Witwicky: An implementation of Transformer in PyTorch

Toan Q. Nguyen, University of Notre Dame

UPDATE: Please check out new paper (which is partly based on this work) which has further discussions on TrueRes, NormRes, weight initializations and normalization here paper, code.

An implementation of Vaswani et al.'s Attention Is All You Need with PyTorch. An early version of this code was used in our paper Neural Machine Translation of Text from Non-Native Speakers .

It performs very well on both low-resource and high-resource translation tasks, sometimes 5 BLEU higher than other published Transformer baselines (see Benchmarks), and it supports minibatched beam search decoding.

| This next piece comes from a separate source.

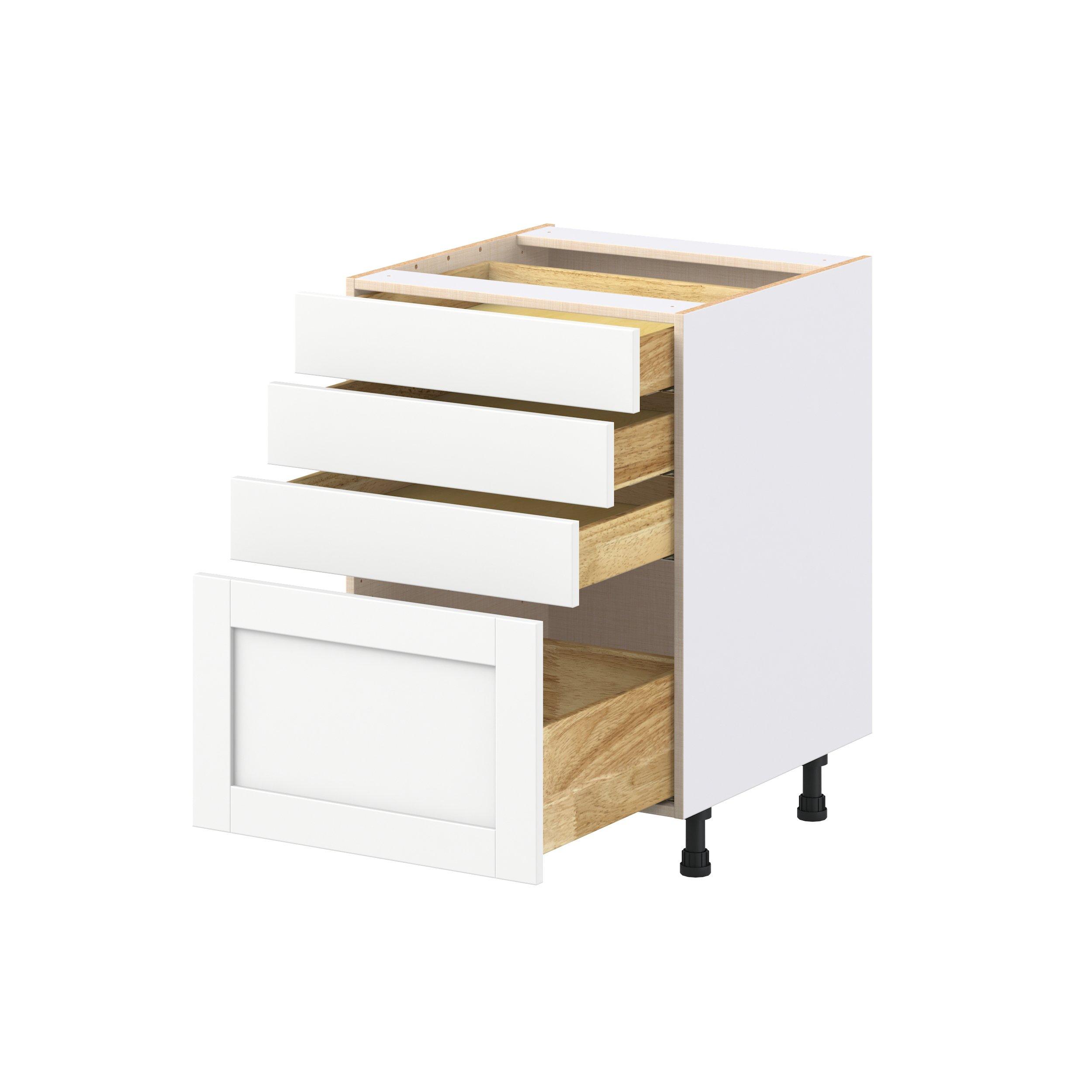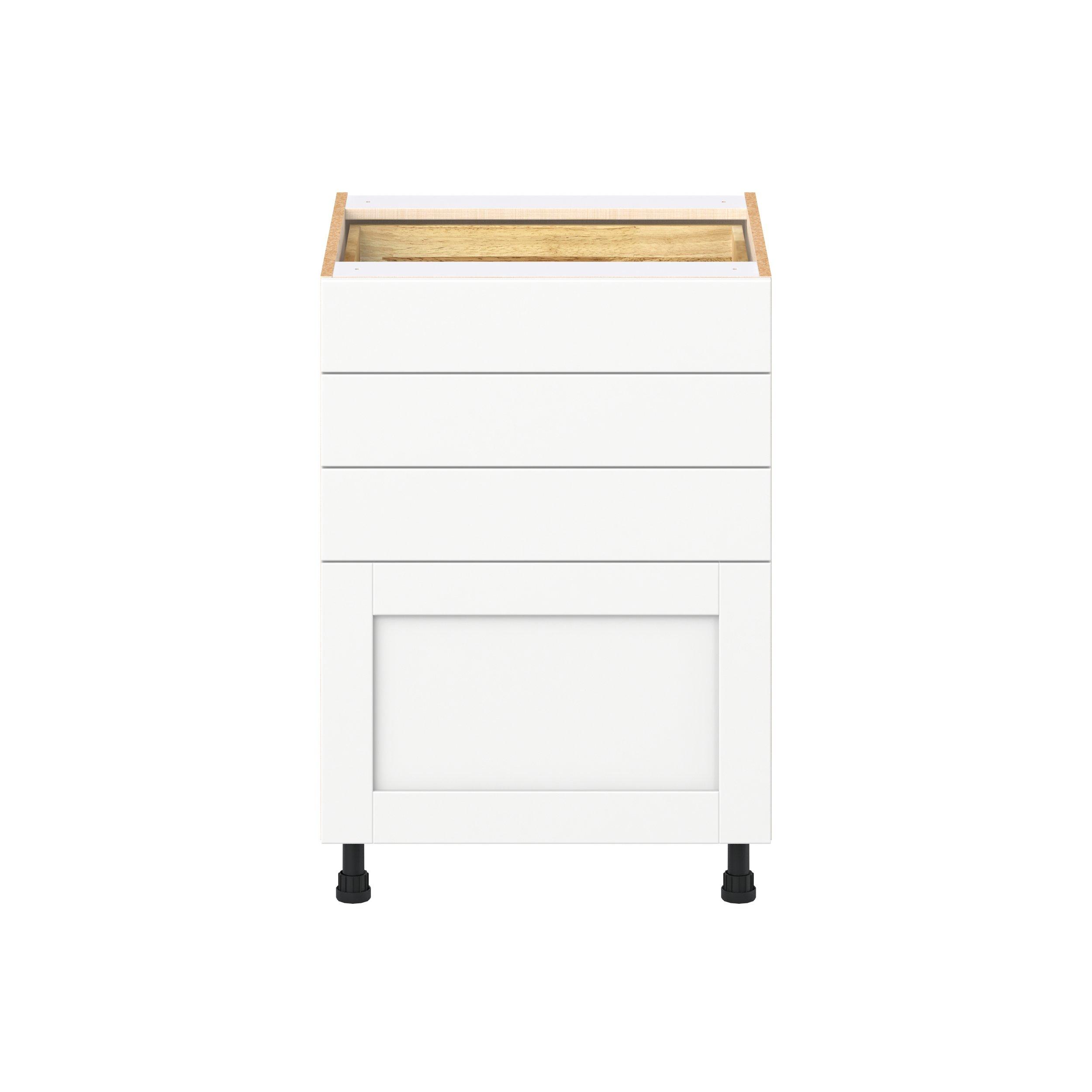 Enhance your home with the timeless beauty of Summerhill classic shaker cabinets, available in fresh bright white and neutral light gray colors. Crafted from one-piece MDF Studio Design Collection Summerhill 24 in. Bright White Drawer Base Cabinet is designed to resist hairline cracks while the easy-to-clean finish stands up to stains and moisture. Featuring 5-piece doors and dovetail drawer joints, these cabinets offer durability and elegance. This collection combines style with everyday storage solutions.

This code has been tested with only Python 3.6 and PyTorch 1.0.

Input and Preprocessing

The code expects bitext data with filenames

train.src_lang   train.trg_lang
dev.src_lang     dev.trg_lang
test.src_lang    test.trg_lang

My rule of thumb for data preprocessing (learned from fairseq's code) is:

tokenize data
filter out sentences longer than 80 tokens
learn BPE
apply BPE
do not filter sentences by length again (that is, set max_train_length to something very high like 1000; see below).

Usage

To train a new model:

Write a new configuration function in configurations.py
Put preprocessed data in nmt/data/model_name or as configured in data_dir option in your configuration function
Run: python3 -m nmt --proto config_name

During training, the model is validated on the dev set, and the best checkpoint is saved to nmt/saved_models/model_name/model_name-SCORE.pth.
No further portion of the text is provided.